Rape is an important and serious problem in our society. It is thought that one in five women and a number of men suffer rape or sexual violence at some time during their lives. Although it is well understood that rape is under-reported, rape reporting is currently at an all-time high. There were 3,391 reports of rape in 1990 and the figures for 2001, which are the latest figures that I have been able to get hold of, show that there were 9,008 reports in that year. The number of reports has more than doubled and almost tripled during a decade. However, the conviction rate was 25 per cent. in 1990—no one suggested that that was too high. Given that the conviction rate was only 5.8 per cent. in 2001, I think I can say that the conviction rate has slumped.

Last April, Her Majesty's Crown Prosecution Service inspectorate and Her Majesty's inspectorate of constabulary produced a joint report on the way in which rape is investigated and prosecuted. The report said that rape was the most traumatising of offences and noted the profound impact that it has on victims' lives. It is, indeed, a travesty that so few examples of that serious offence result in a conviction. There is, of course, no deterrence in a very low conviction rate, so the changes to the law are especially important.

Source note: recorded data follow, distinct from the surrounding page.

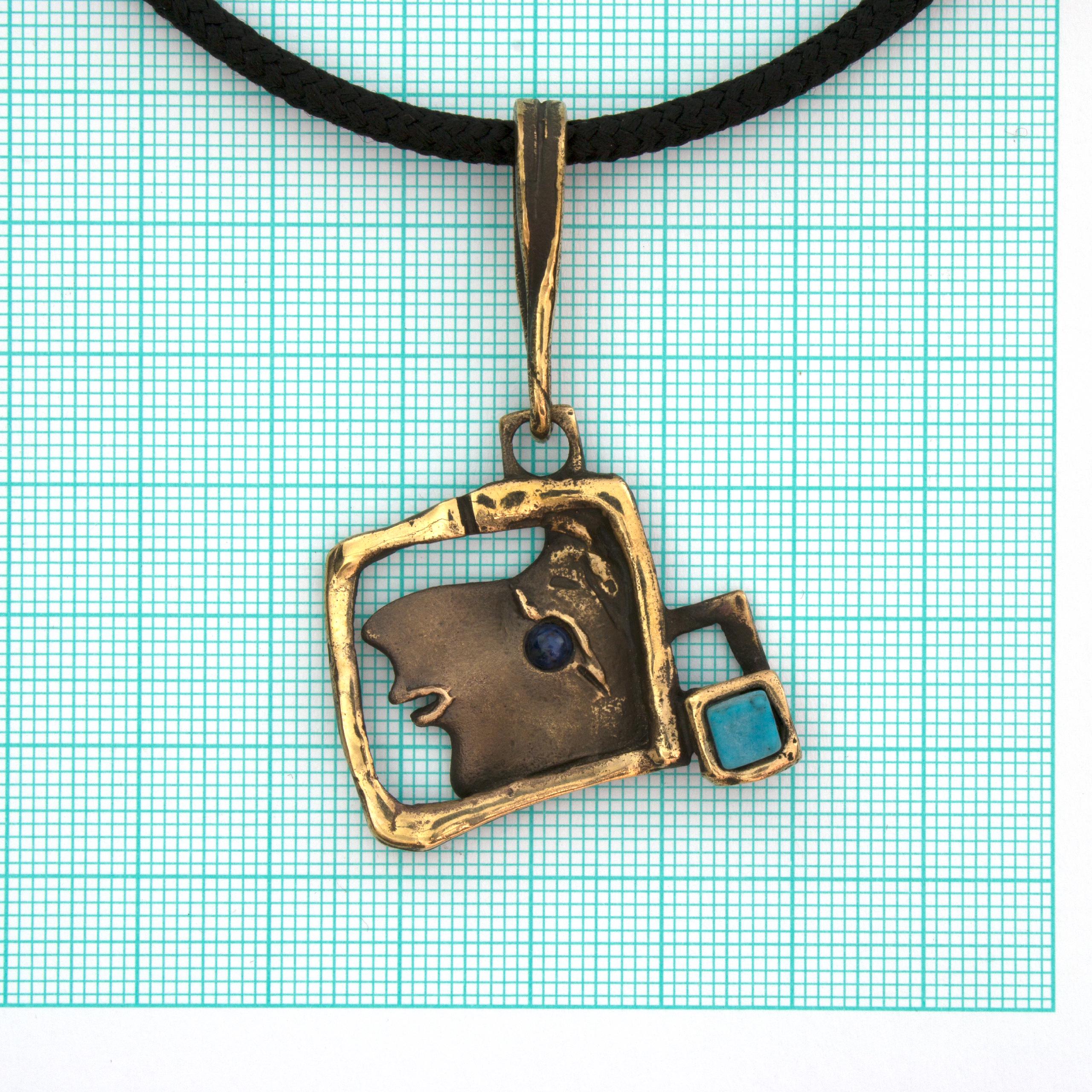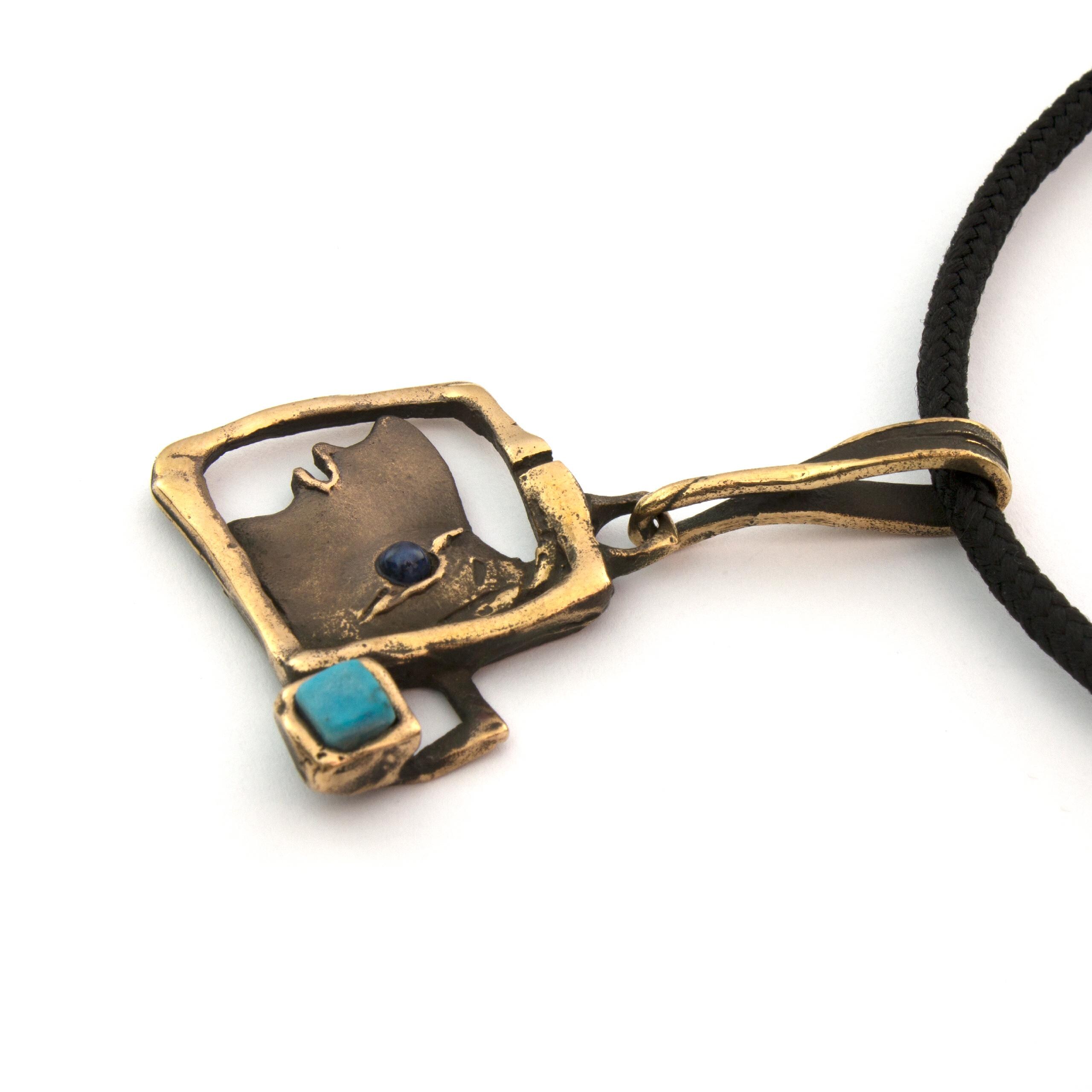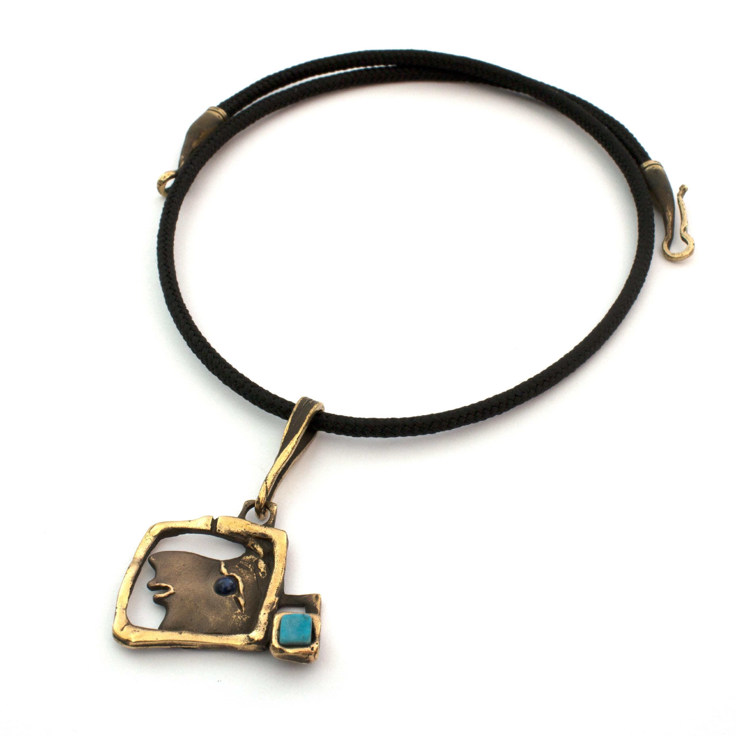Bronzový náhrdelník s tyrkenitem a sodalitem od Vojtěšky Vlčkové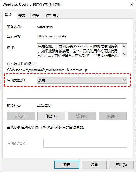 - 在弹出的"Windows Update的属性"对话框中,将"启动类型"设置为"禁用"。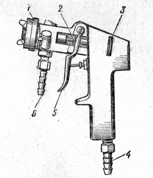 4 — штуцер подачі стисненого повітря, 5 — курок, 6 — штуцер подачі барвистого складу.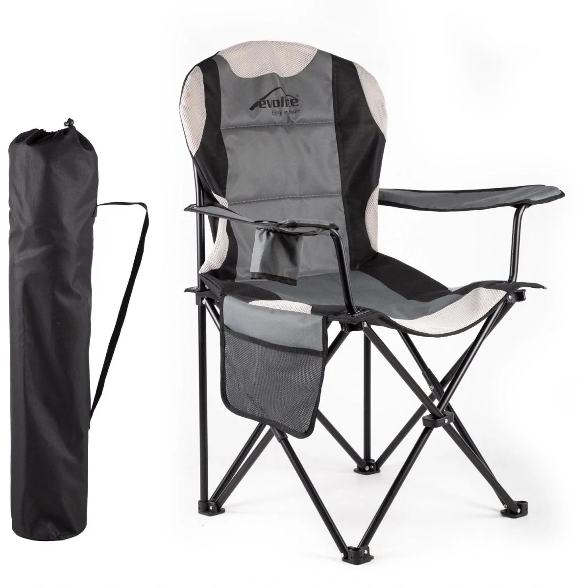 Evolite Camping Katlanır Kamp Sandalyesi Yüksek Kalite ve Yüksek Dirençli Kamp Sandalyesi Su geçirmez 600/D Oxford PVC Kumaştan üretilmiştir. Omuz Askılı 600/D Oxford Kumaş, Taşıma çantası ile birlikte gelmektedir. 16mm Çapında x 0.9mm. et kalınlığında yüksek direnç sağlayan iskelet metal ayak sistemi Ebat : 80 x 80 x 50 cm Sandalyenin yüksekliği 92cm Oturma alanı 53cmx53cm Düz zeminde 130 Kg ye kadar dayanıklıdır. Katlanabilir, kolayca çantasında taşınabilir. Kolçakta bardak tutucu özel bardaklık Paslanmaya ve darbeye karşı dayanıklı Elektrostatik Mat Siyah Boya Kapalı paket ölçüsü 89 x 15 x 19 cm Bagajda yer kaplamaz.
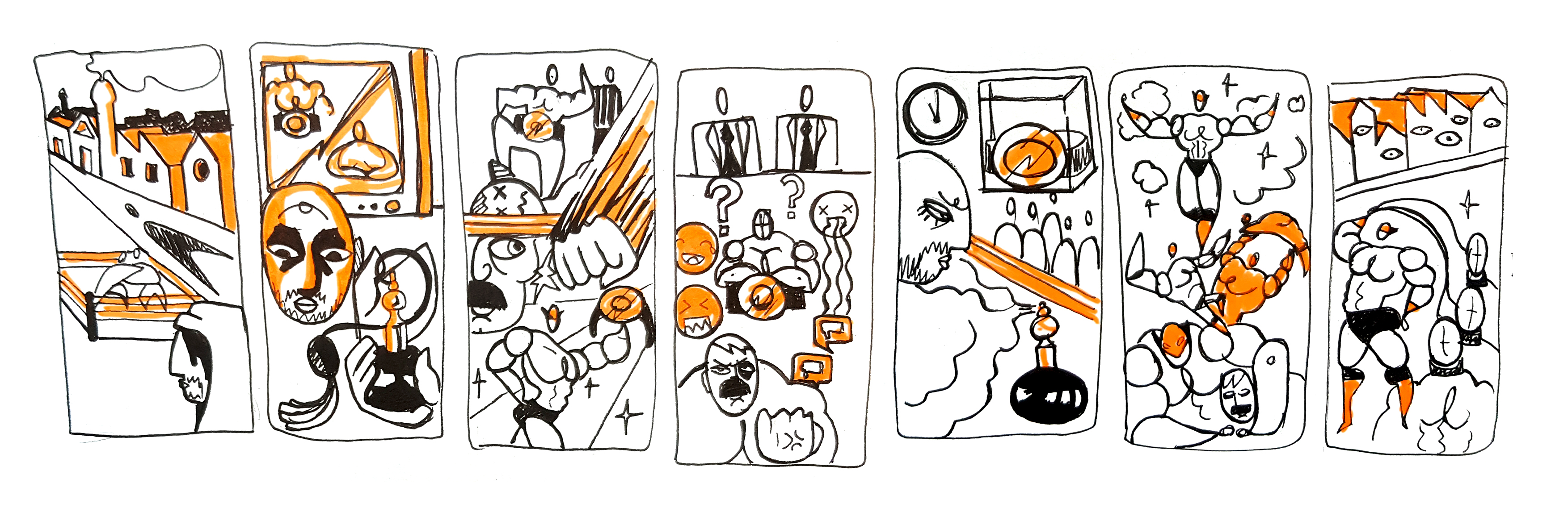 La recherche d'un style graphique s'associe à la recherche de la composition de mon image. En effet je cherche à raconter une scène en une image, sans découper le récit en différentes cases.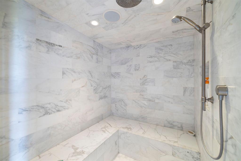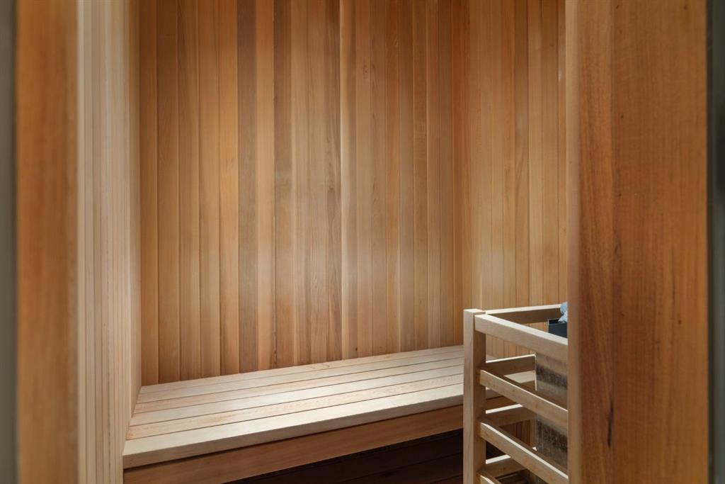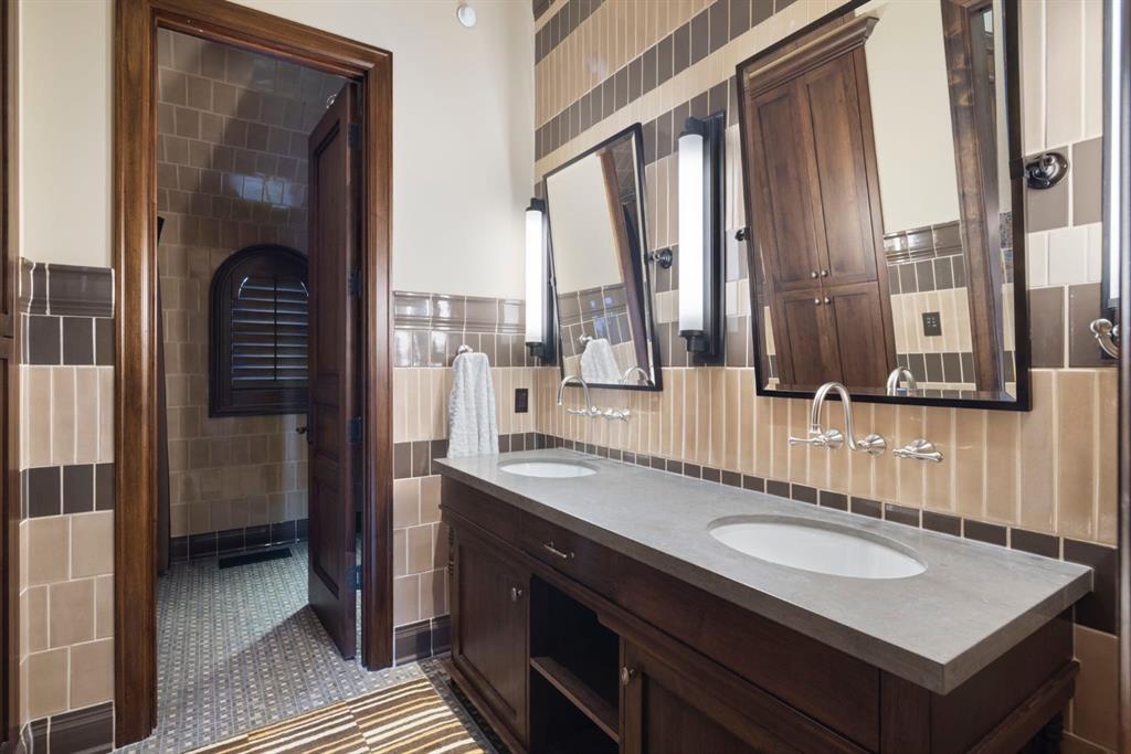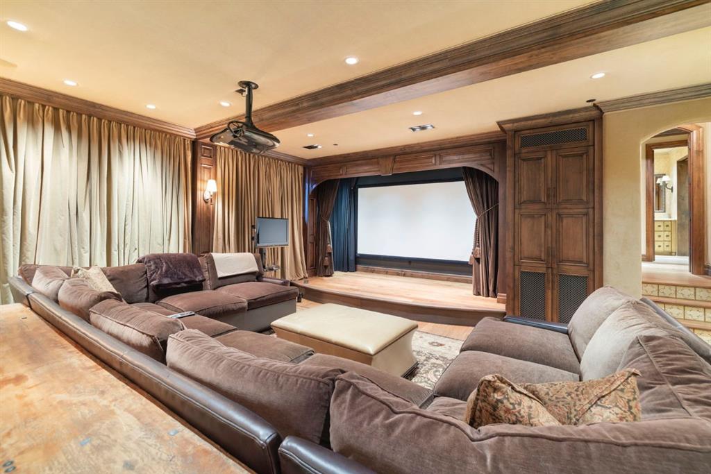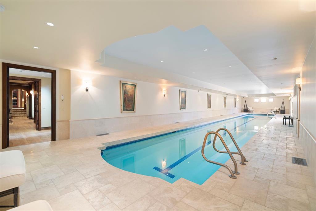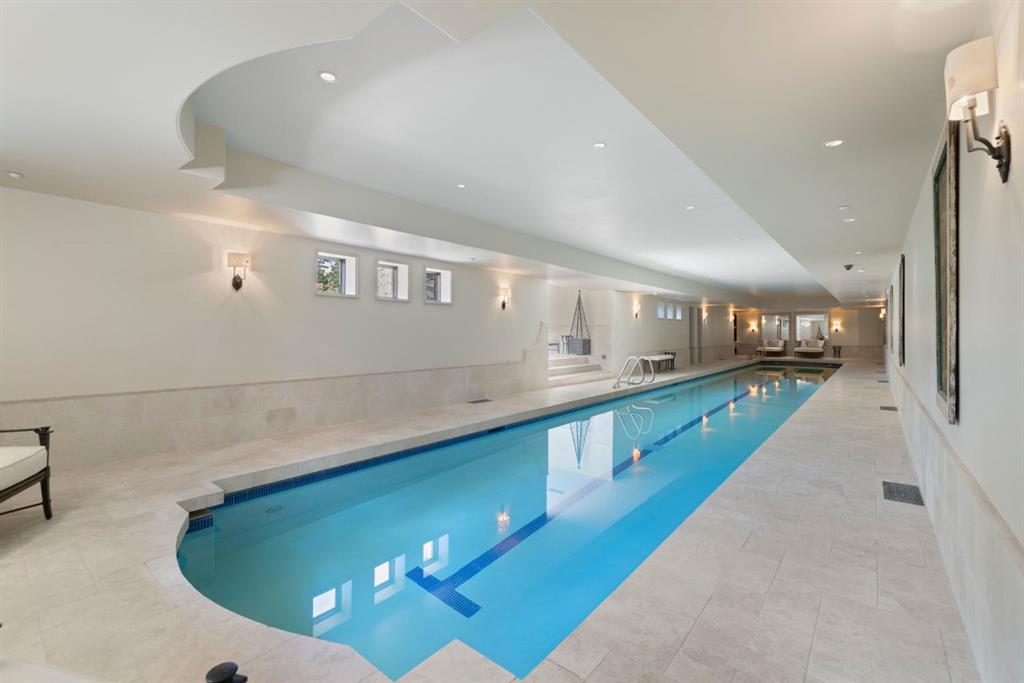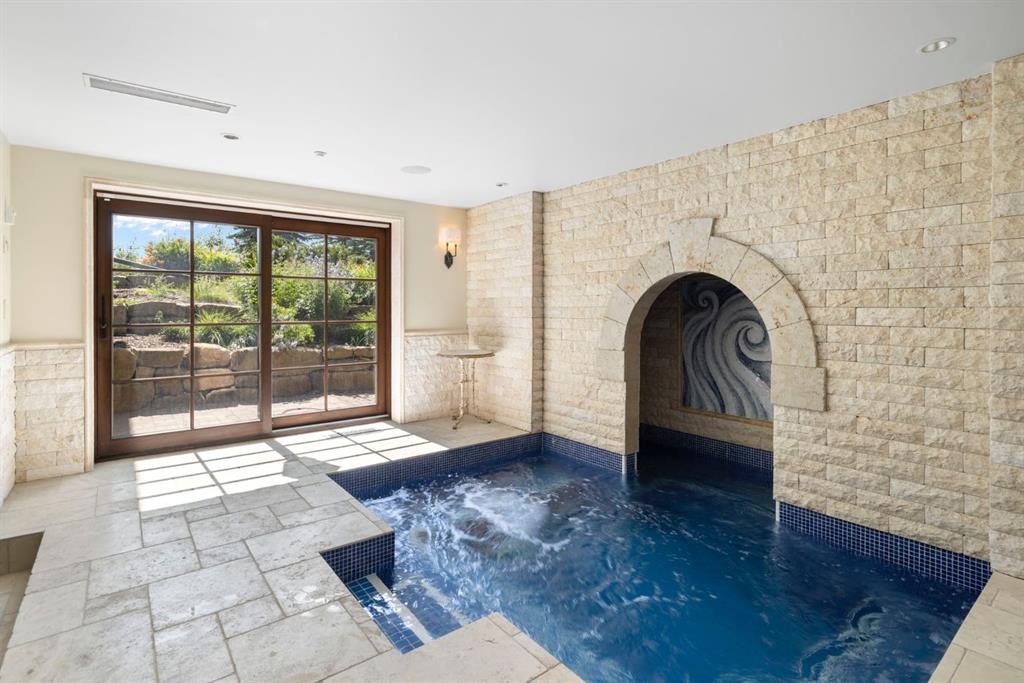 The lower level is designed for both leisure and entertainment, offering a 25-meter lap pool, spa inspired hot tub alcove, walkout patio framed by sandstone boulders, a private theatre with professional grade audio visual, a games room with fabric lined walls, and a brick barrel vaulted wine cellar.

However, compared with other crimes, far fewer complaints about rape get to court. There is a big drop-out rate, some of which is due to women withdrawing their complaints. A lot of research confirms that part of the reason for that is that they fear that the details of previous sexual history—true or false—will be put to them. They are also worried about being asked whether they were wearing a short dress or scarlet lipstick, with the intention of showing that that licensed the attack or that they are promiscuous and not worthy of belief. As I said to the hon. Member for Southwark, North and Bermondsey (Simon Hughes), the Government wisely and effectively sought to abolish the admissibility of previous sexual history to show consent as long ago as 1999, but it is still admissible, even as we discuss clause 1, to show that the defendant believed that the complainant was consenting.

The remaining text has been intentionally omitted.